Изменить размер шрифта - +
От левого края рисунка к пирамиде шла ровная, как по линейке, полоска и резко сворачивала к дымке у подножия холмов. Вид был мрачный и цвета невеселые, кроме яркой лазури неба: охряный, тускло‑красный, серый. Сразу чувствовалось, что «там» сухо и ужасно жарко.

Я все еще смотрел и дивился, когда услышал сзади всхлипывания. Мэтью с трудом произнес:

– Это последние. Больше не будет.

Я обернулся. Он щурился, но слезы все же текли. Я присел на кровать и взял его руку.

– Мэтью, милый, скажи! Ну, скажи, что с тобой такое?!

Мэтью втянул носом воздух, откашлялся и выговорил:

– Это из‑за Чокки, папа. Он уходит. Навсегда.

Я услышал шаги на лестнице, быстро вышел и плотно закрыл дверь.

– Что с ним? – спросила Мэри. – Болен?

Я взял ее за руку и увел подальше.

– Нет, – сказал я. – Все будет хорошо. – Я повел ее по лестнице вниз.

– Да в чем же дело? – настаивала она.

Здесь, в холле, Мэтью не мог нас услышать.

– Понимаешь, Чокки уходит… освобождает нас, – сказал я.

– Ох, как я рада, – сказала Мэри.

– Радуйся, только смотри, чтоб он не заметил.

Мэри подумала.

– Я отнесу ему поесть.

– Нет. Не трогай его.

– Что ж ему, голодать, бедняге?

– Он… Я думаю, они там прощаются… а это нелегко.

Она, недоверчиво хмурясь, глядела на меня.

– Что ты, Дэвид! Ты говоришь так, как будто Чокки и вправду есть.

– Для Мэтью он есть, и прощаться с ним трудно.

– Все равно голодать нельзя.

Я всегда удивлялся, почему это самые милые женщины не могут понять, как серьезны и тяжелы детские огорчения.

– Позже поест, – сказал я. – Не сейчас.

За столом Полли безудержно и невыносимо болтала о своих пони. Когда она ушла, Мэри спросила:

– Я думала… Как по‑твоему, это тот тип подстроил?

– Какой?

– Твой сэр Уильям. Он ведь Мэтью загипнотизировал. А под гипнозом можно внушить что угодно. Предположим, он ему сказал: «Завтра твой друг уйдет навсегда. Тебе будет нелегко с ним прощаться, но ты простишься, а он уйдет, и ты его со временем забудешь». Я в этом плохо разбираюсь, но ведь внушение может вылечить, правда?

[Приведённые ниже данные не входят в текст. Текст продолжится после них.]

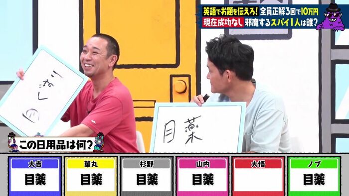 ここでは、最初の問題で早々に「相撲」と間違えたヒコロヒーさん、「ジョーカー」を言わなかった大悟さん、お題「お好み焼き」に対して「キャベツ」「シュリンプ」しか言えなかったノブさんがスパイ容疑者となりました。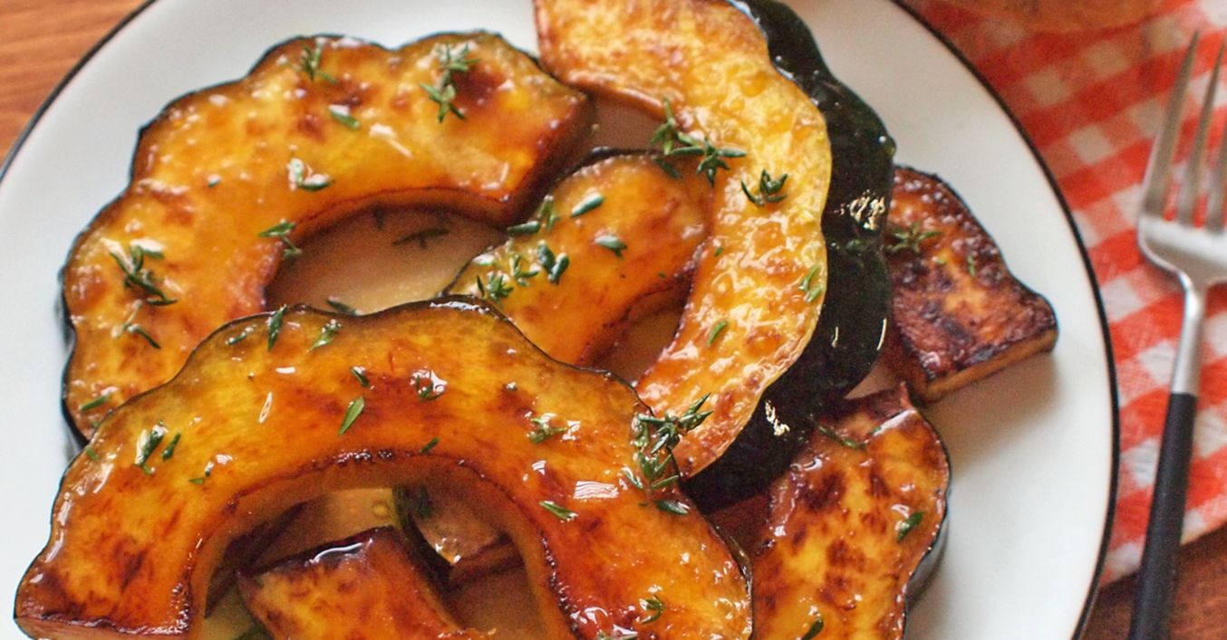 Díly dýně promícháme v misce spolu s olejem a medem. Osolíme a opepříme a promícháme spolu s drhnutým tymiánem.

– Вылечить? – переспросил я.

– Я хотела сказать…

– Ты хотела сказать, что, как прежде, считаешь Чокки выдумкой?

– Не то чтоб выдумкой…

– А плавание? И потом – ты же видела, как он рисовал на днях. Неужели ты еще считаешь…

– Я еще надеюсь. Все же это лучше, чем одержимость, о которой толковал твой Лендис. А сейчас как будто про нее и речи быть не может. Смотри: он идет к этому сэру, а на следующий день говорит тебе, что Чокки уходит…

Мне пришлось признать, что кое в чем она права; и я пожалел, что мало знаю о гипнозе вообще, а о вчерашнем – в частности. Кроме того, я пожалел, что, изгоняя Чокки, сэр Уильям не сумел провести это как можно менее болезненно.

Вообще я сердился на Торби. Я повел к нему Мэтью для диагноза, которого не услышал, а мне подсунули лечение, о котором я не просил. Чем больше я думал об этом, тем больше мне казалось, что он действовал не так как надо, а, точнее говоря, своевольно.

Перед сном мы зашли к Мэтью – вдруг ему захотелось есть? У него было тихо, он мерно дышал, и, осторожно прикрыв дверь, мы ушли.

Наутро, в воскресенье, мы не стали его будить. Мэтью выполз очень заспанный часам к десяти, глаза у него порозовели, вид стал совсем рассеянный, но аппетит к нему вернулся.